Even at new 52-week highs, with valuations on the higher end of the spectrum, investors will probably win on the bet that Zynga will report profits accelerating.

Q4 Results and Zynga Stock

Zynga reported bookings growth of 19.4%, to $267.3 million. GAAP EPS came in flat at $0.00, meeting estimates. Operating cash flow of $90 million is highly notable because it is the best performance since Q4/2011, back when the gaming firm relied on the Facebook platform for its games.

Zynga’s biggest revenue driver is from mobile revenue, which grew 12% Y/Y to $228 million. Mobile bookings grew 26% to $248 million.

Zynga’s mobile revenue split tells two different stories. User pay revenue grew 8% to $158 million, compared to the 23% Y/Y growth for mobile advertising revenue of $69 million.

Importantly, due to the global economic slowdown and a shift in consumer habits, the company expects gross margin pressure for 2019. Unfortunately for investors, Zynga will post less detailed metrics going forward. Even though Apple (NASDAQ: AAPL) stopped reporting iPhone unit counts, sending the stock lower at the time, markets were not concerned with Zynga.

Strong Balance Sheet

The positive cash flow is not the only strong number that investors should like. The company has $581 million in cash, cash equivalents, and short term investments, with $100 million in debt outstanding included, net cash is $481 million.

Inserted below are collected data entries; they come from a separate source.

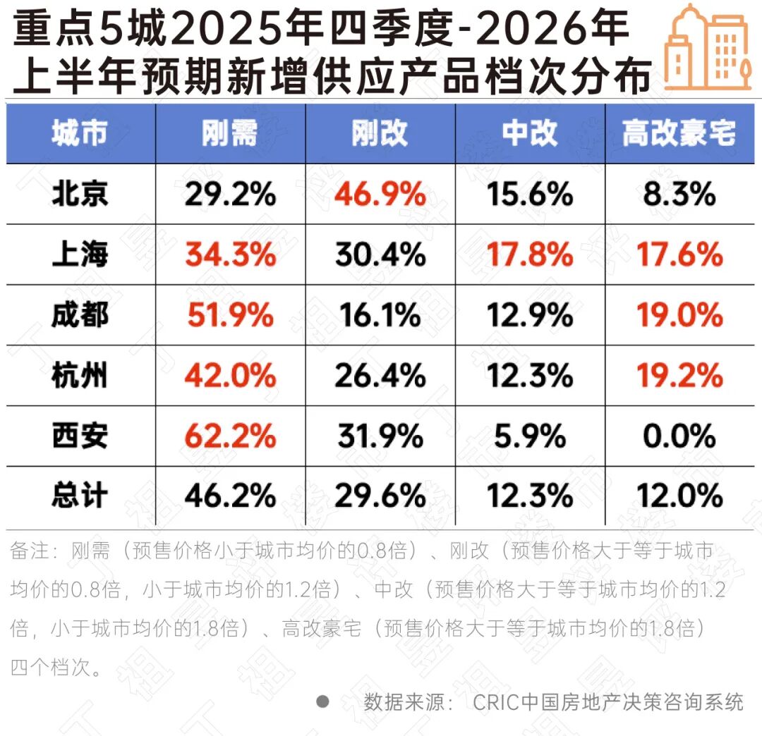 杭州刚改产品供不应求加剧,刚改产品为杭州2025年前8月成交主力,占比高达49.07%,而预期2025年四季度-2026年上半年新房供应占比仅为26.41%。刚需和高改豪宅产品或将存在供给过量。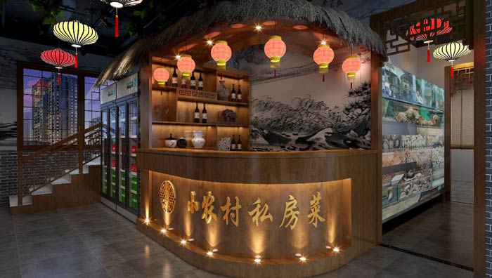 農(nóng)家私房菜進(jìn)門區(qū)設(shè)計(jì):小農(nóng)村私房菜,六個(gè)字給客戶以直觀的感受,鄉(xiāng)村樣式的柜臺(tái)、加上中式的元素,讓時(shí)間在這里慢了下來(lái),讓客戶享受美食真正的味道。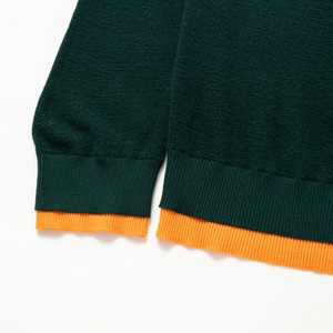 スーパーファインメリノウールを原料に使用した糸。2/60の細番の糸を16GGのハイゲージで編むことで編み目が非常に細かくなるので、柔らかな肌触りと細番ウール特有の光沢感もある着心地の良いニットに仕上げている。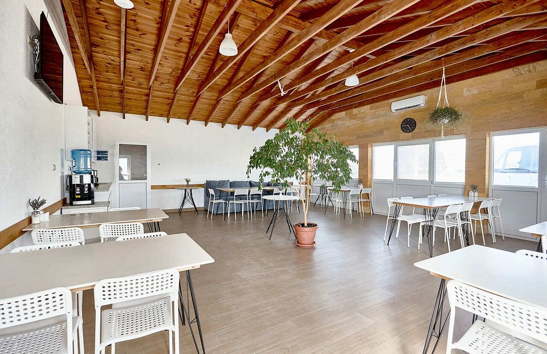 На территории обустроен открытый бассейн с зоной для отдыха, уютная столовая с разнообразным меню и детская площадка. Дополнительно оборудованы парковка, теннисный стол и места для отдыха на свежем воздухе.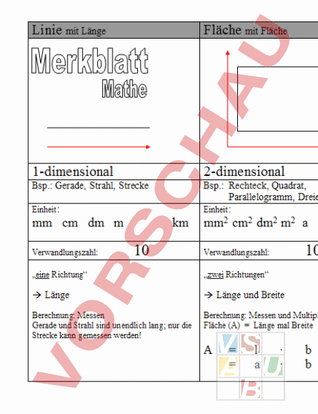 Merkblatt: Zusammenhang zwischen Linie, Fläche und Körper möglichst einfach dargestellt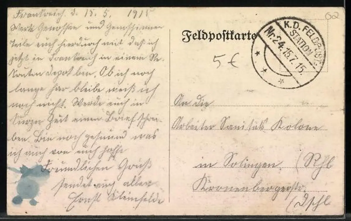 gelaufen 1915, guter Zustand

Add back the $100 million in the revolving credit facility remaining because that would give the firm the funds it might need to make acquisitions. Zynga is looking at other ways to increase its cash reserves for this purpose.

This includes a potential leaseback of its San Francisco building, plus more debt financing alternatives.

Growth Through Acquisitions

Zynga has a decent track record for growing its business through acquisitions. Its buyout of Gram Games and Small Giant Games closed recently. Not only does it gain talented staff, but it adds two franchises to its portfolio: Merge Dragons! and Empire & Puzzles.

Small Giant is fundamentally strong because it is growing organically. High levels of marketing investments have an incrementally better rate of return as a result. Investors should still expect the operating margin growth of over 20% will happen eventually, probably in late 2019 into 2020.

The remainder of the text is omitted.